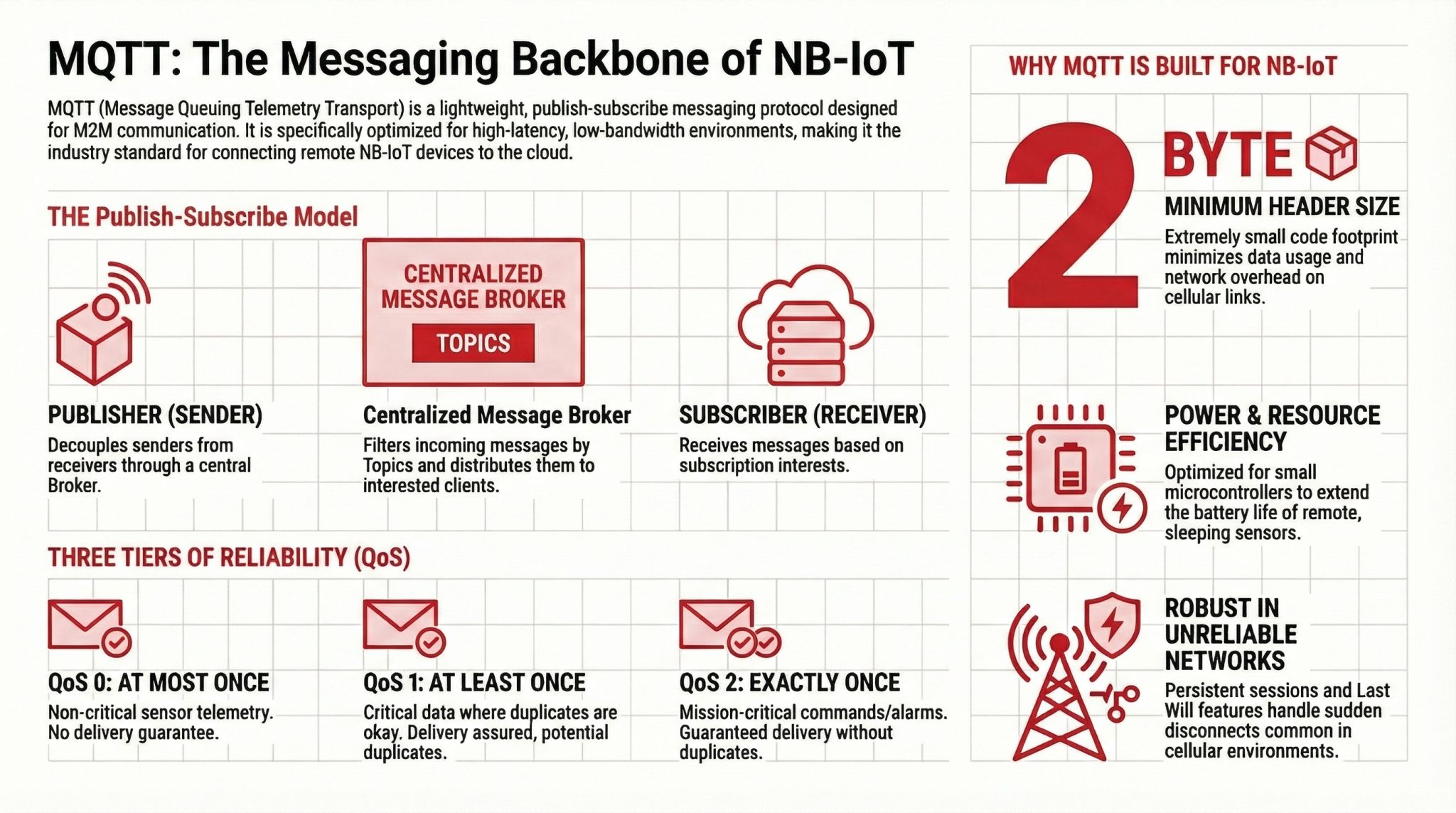 This comprehensive guide will delve into what makes MQTT so uniquely suited for NB-IoT. We will explore its publish-subscribe model, dissect its critical Quality of Service (QoS) levels, and examine the inherent efficiencies and robust features that have cemented its status as the industry standard for connecting remote NB-IoT devices to the cloud. If you are building anything in the connected device space, especially applications demanding longevity, reliability, and cost-effectiveness in low-bandwidth cellular links, understanding MQTT is not just beneficial—it’s essential.
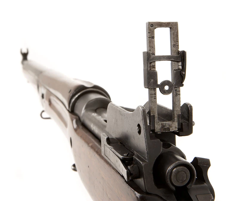 На тыльной части ствольной коробки установлен кольцевой прицел с делениями от 200 до 1650 ярдов. Прицел не имеет установок по горизонтали. От наружных повреждений он защищен боковыми стенками колодки. Слева ствольной коробки имеется складной сквозной прицел для дальней стрельбы, устроенный аналогично подобному же прицелу на винтовке Ли-Энфильд 1904 г. Боковая подъемная мушка имеет деления для дистанций от 1500 до 2600 ярдов.
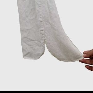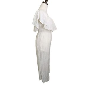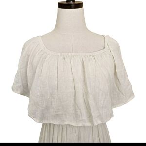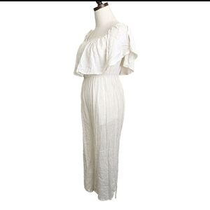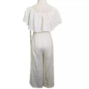 Audrey 3+1 Linen Blend Boho Wide Leg Off Shoulder Ruffle Ivory White Jumpsuit, S

Problem to work on: Would you set down, word for word, the lines running from the one that contains "На тыльной части" to the last line of the material, omitting all pictures?

Solution to the problem:
 На тыльной части ствольной коробки установлен кольцевой прицел с делениями от 200 до 1650 ярдов. Прицел не имеет установок по горизонтали. От наружных повреждений он защищен боковыми стенками колодки. Слева ствольной коробки имеется складной сквозной прицел для дальней стрельбы, устроенный аналогично подобному же прицелу на винтовке Ли-Энфильд 1904 г. Боковая подъемная мушка имеет деления для дистанций от 1500 до 2600 ярдов.
 Audrey 3+1 Linen Blend Boho Wide Leg Off Shoulder Ruffle Ivory White Jumpsuit, S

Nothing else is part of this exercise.